** Exercise materials follows **

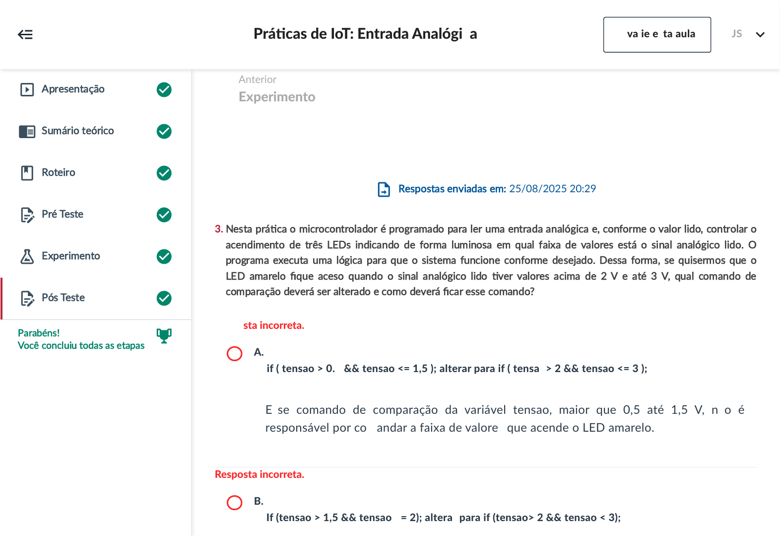 Pós Teste Respostas enviadas em: 25/08/2025 20:29 3. Nesta prática o microcontrolador é programado para ler uma entrada analógica e, conforme o valor lido, controlar o acendimento de três LEDs indicando de forma luminosa em qual faixa de valores está o sinal analógico lido. O programa executa uma lógica para que o sistema funcione conforme desejado. Dessa forma, se quisermos que o LED amarelo fique aceso quando o sinal analógico lido tiver valores acima de 2 V e até 3 V, qual comando de comparação deverá ser alterado e como deverá ficar esse comando? Resposta incorreta. A. if ( tensao > 0.5 && tensao 2 && tensao 1,5 && tensao 2 && tensao 1,5 && tensao 2 && tensao 2 e > 3 de 5 perguntas Voltar Próximo Anterior ExperimentoApresentação Sumário teórico Roteiro Pré Teste Experimento Pós Teste Parabéns! Você concluiu todas as etapas Práticas de IoT: Entrada Analógica Avalie esta aula JS
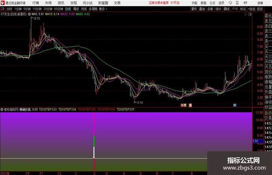 输出TDXSTEP310:当满足条件如果精确抄底,返回(-120),否则返回0时,在9和0位置之间画柱状线,宽度为7,0不为0则画空心柱.,COLOR770077
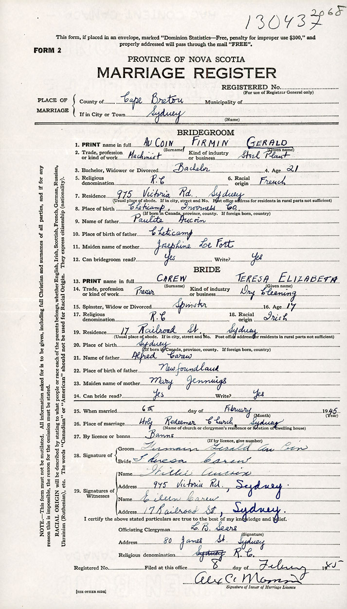26. Place of marriage Holy Redeemer Church Sydney, Cape Breton County
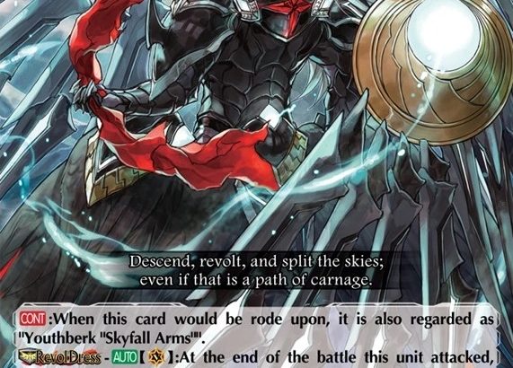 Youthberk “Protofall Arms” has a strong cast of support. The units in the archetype add consistency. Youthberk “RevolForm: Gust” and Youthberk “RevolForm: Zest” are two options for the ability of RevolDress. Knight of Ardent Light, Youth is a rear-guard with a respectable offense for the archetype.
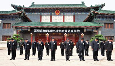 胡錦濤率領黨和國家領導人在中南海懷仁堂默哀。 新華社
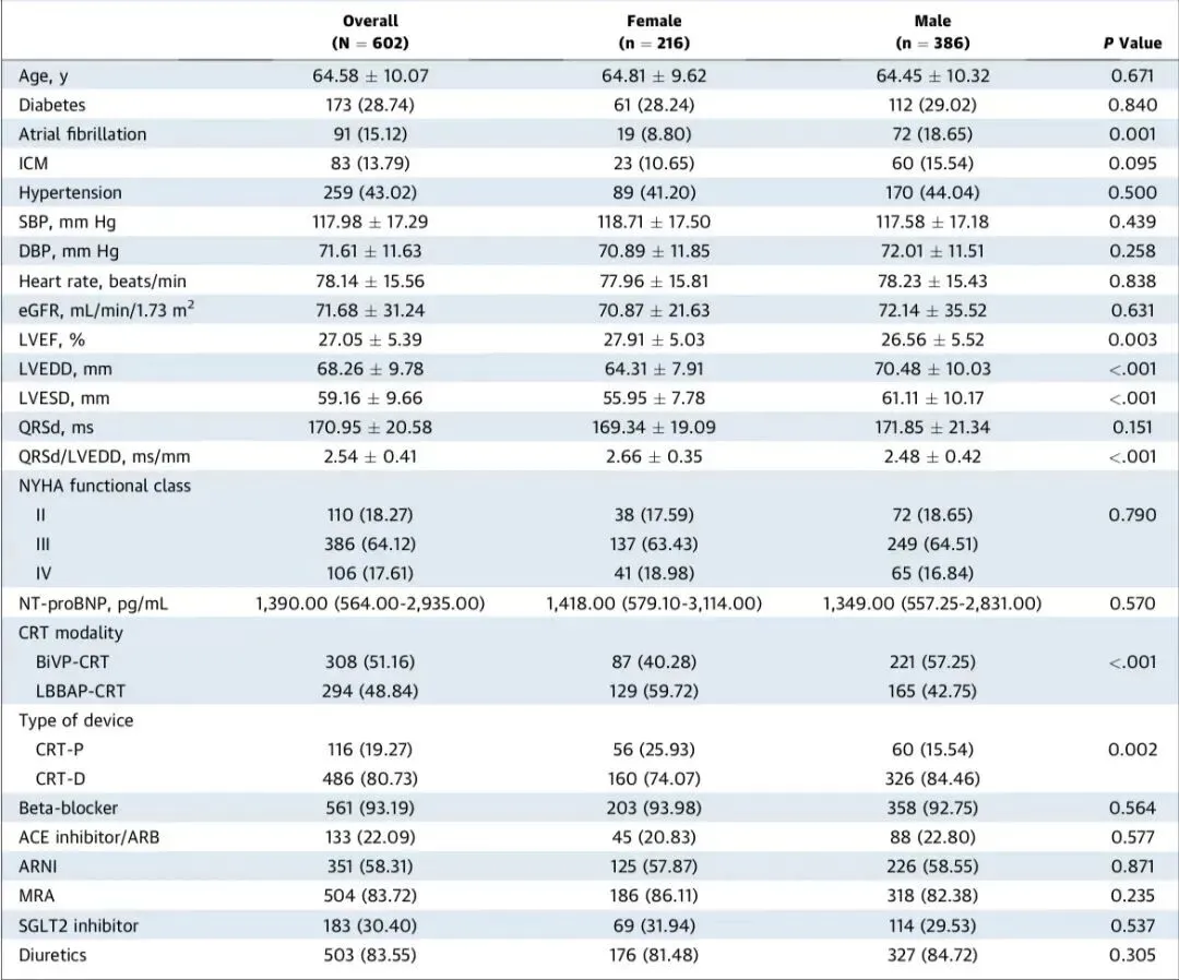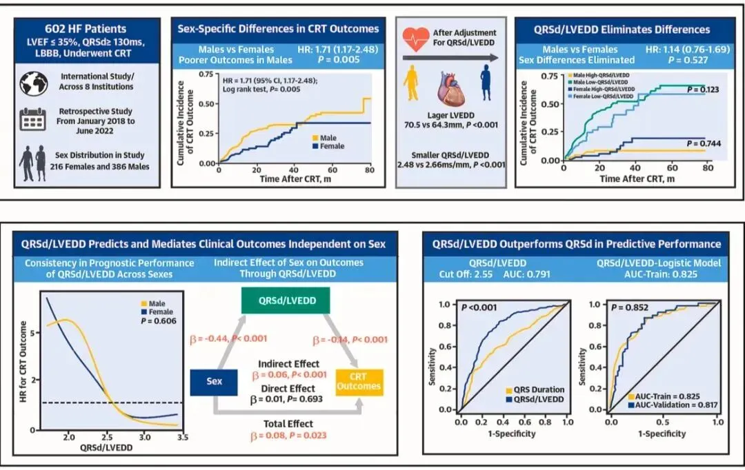 本研究首次系统证实,经左心室大小标准化的QRS时限(QRSd/LVEDD)能完全消除CRT疗效中的性别差异。女性患者的临床优势实质上是更高QRSd/LVEDD比值的体现,而非性别本身的直接效应。
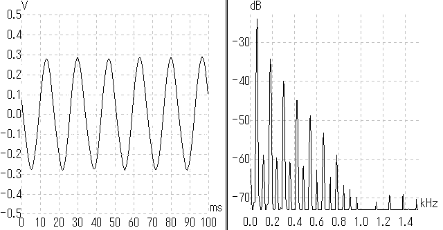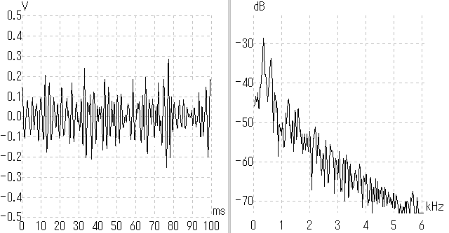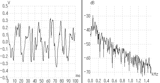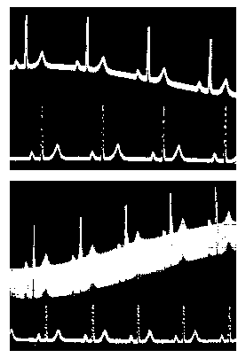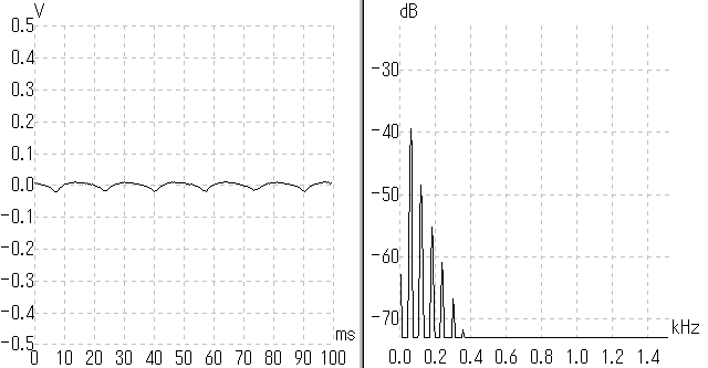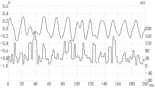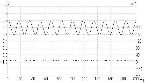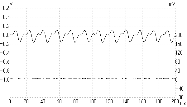 図22 MiniBioMuse-IIIの装着風景 図21は、完成した"MiniBioMuse-III"の片腕8チャンネル部分の電極からセンシングボックスまで、図22はこの電極を装着した様子である。介護用ベルトは伸縮自在で無理なく密着固定でき、軽快なリボンケーブルとともに使用感は良好である。メインインターフェースボックスとの接続は図19に見えるフラットケーブルコネクタにより行う(向きが異なり混同しない)。 5-1. アナログセンシング出力信号図23 MiniBioMuse-IIIの平静時出力の例 図23は、"MiniBioMuse-III"の両腕16チャンネルのフロントエンド回路からの出力を同一条件で計測した平静時信号のうち、もっともハムノイズの大きなチャンネル(上段)と小さなチャンネル(下段)の様子である(全てのデータは文献(32)を参照のこと)。これは位置関係の異なるアース電極を共通とし、また腕の筋肉の配置の様子によりばらつきが出るのは、ある意味で当然のこととして吸収しなければならない。 図24 MiniBioMuse-IIIの緊張時出力の例 図24は緊張時信号の一例であり、ハム成分が乗っているものの、明らかに筋電信号がある。この図23/24の信号は、図6/7の初代よりも劣るように見えるかもしれないが、電源電圧が1/3であるにもかかわらず、後段でのノイズフィルタリング前にここまでの信号が安定に得られるというのは画期的進展なのである。 5-2. ディジタルフィルタリング出力信号フロントエンド回路部分のOPアンプによるフィルタ以外に"MiniBioMuse-III"がソフトウェア的に行っているのは、図12のディジタルフィルタのアルゴリズムの一部を利用した積分フィルタリングと、MIDI出力のためにダウンサンプリングを重ねて時間平均(平滑化)を行っている部分である。ここではまず、前者について実際の計測データを用いて紹介する。 図25は、上段が"MiniBioMuse-III"の16チャンネルのうちのあるチャンネルのフロントエンド平静時信号である。ハム成分のシンプルな正弦波であり、これをそのまま音源素材として使用することは困難である。ところがこの図の下段では、ほとんど信号が消えている。これはAKI-H8によるソフトウェア・フィルタリングの出力を増設したD/Aポートから出力したそのままの信号であり、アンチエイリアシング回路の前段ということでディジタル的に変化しているものの、特性としてハムに対応した周期の信号がキャンセルされていることがわかる。図25 MiniBioMuse-IIIの平静時出力の例(1)
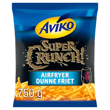 Aviko Dunne Friet SuperCrunch voor de Airfryer zijn speciaal ontwikkeld voor bereiding in de airfryer. Deze Airfryer friet is extra krokant, lang en dun, speciaal voor de fijnproevers. Onze aardappelen worden met zorg geselecteerd en verwerkt. Aardappelen bevatten belangrijke voedingsstoffen zoals koolhydraten, vezels, eiwitten en mineralen Aviko biedt voor elke dag inspiratie voor de avondmaaltijd. Hoe ziet jouw kookweek eruit? Kijk op www.aviko.nl voor verrassende kookweekrecepten.
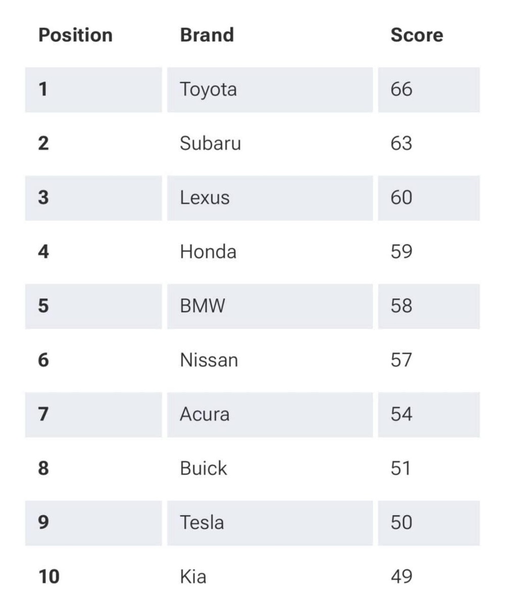 Toyota снова стала лидером рейтинга самых надёжных автомобилей, опередив Subaru на три балла
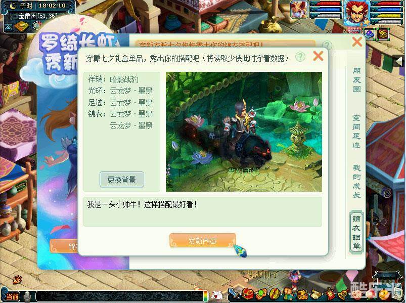 活动期间,各位玩家可前往宝象国(55,39)七夕仙娥处购买礼盒。不仅如此,云龙梦七夕礼盒内的锦衣(头饰、上下衣、光环、足迹)均可以进行自定义染色和特殊染色。赶快来抢购云龙梦七夕礼盒,秀出你的风采,也秀出你的特别。
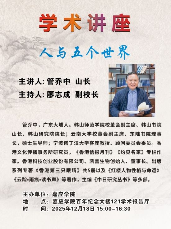 三、学术讲座时间:2025年12月18日(星期四)下午15:00--16:30
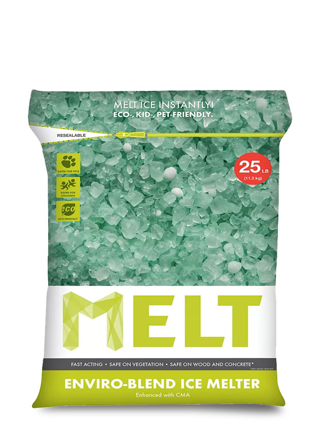 Snow Joe MELT Enviro-Blend Ice Melter provides a greener, yet equally effective, deicing alternative to more harmful melting agents. When used as directed, MELT enviro-blend will not harm grass, wood, concrete, metals or other vegetation and is safer for pets, children and the environment.
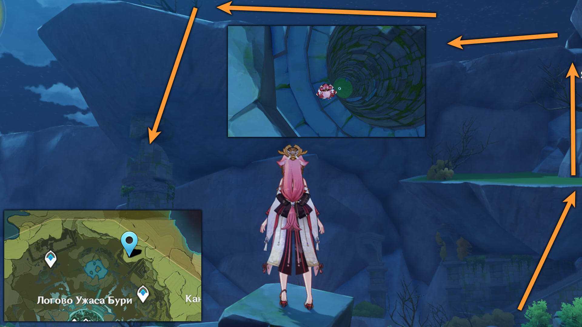 Вы можете найти туннель, ведущий к пляжу, недалеко от Скрытого дворца формулы Ляньшань. В туннеле есть уступ, по которому можно подняться с Геокулусом наверху.
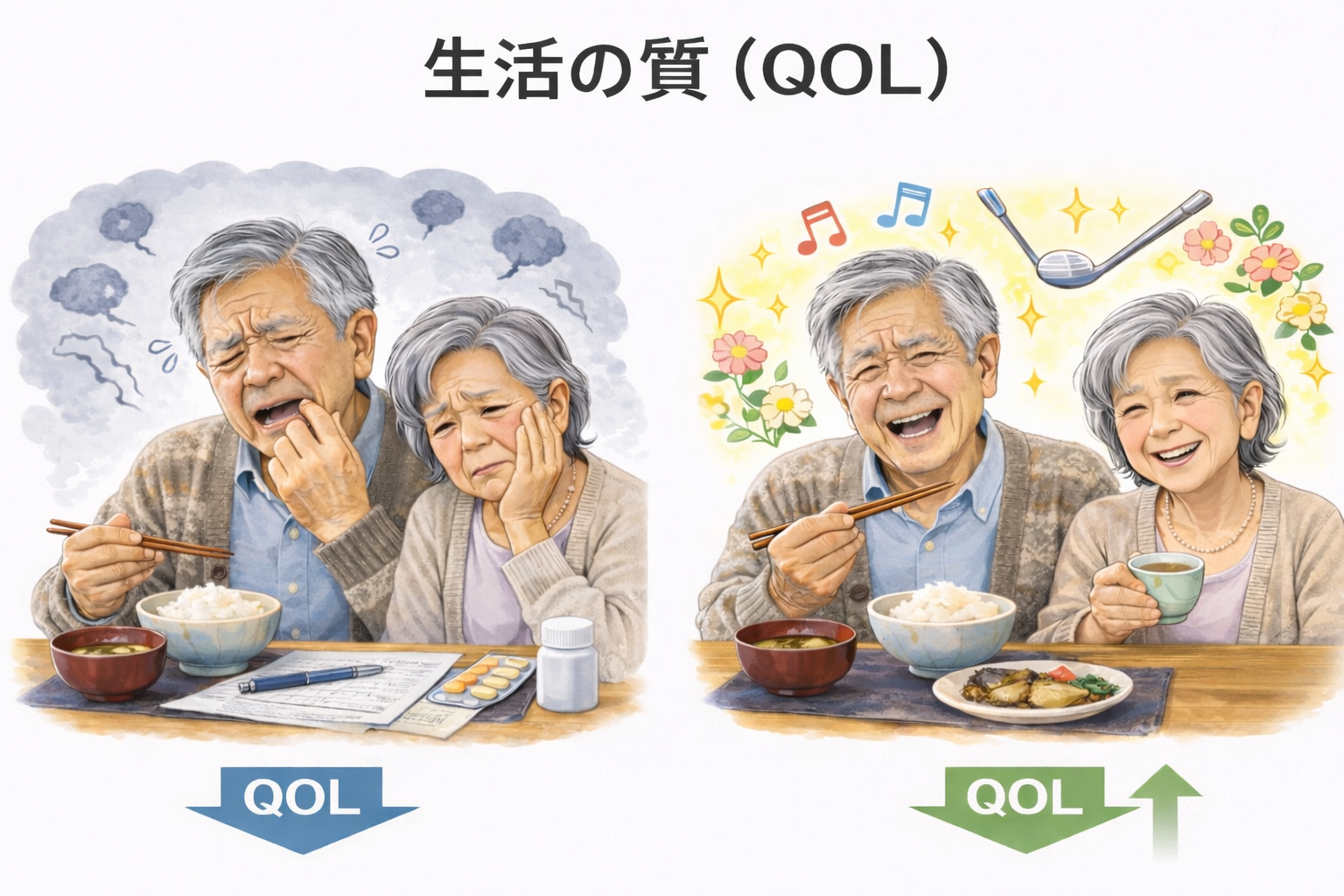 噛めない状態が続くと飲み込みの機能(嚥下)が弱まり、誤嚥性肺炎・栄養不足・フレイルのリスクも高まります。

** End of Exercise materials **

• About this exercise: Leave the pictures out, and copy exactly each line from the one containing "Вы можете найти" through the final line of the data.

• Answer to the exercise:
 Вы можете найти туннель, ведущий к пляжу, недалеко от Скрытого дворца формулы Ляньшань. В туннеле есть уступ, по которому можно подняться с Геокулусом наверху.
 噛めない状態が続くと飲み込みの機能(嚥下)が弱まり、誤嚥性肺炎・栄養不足・フレイルのリスクも高まります。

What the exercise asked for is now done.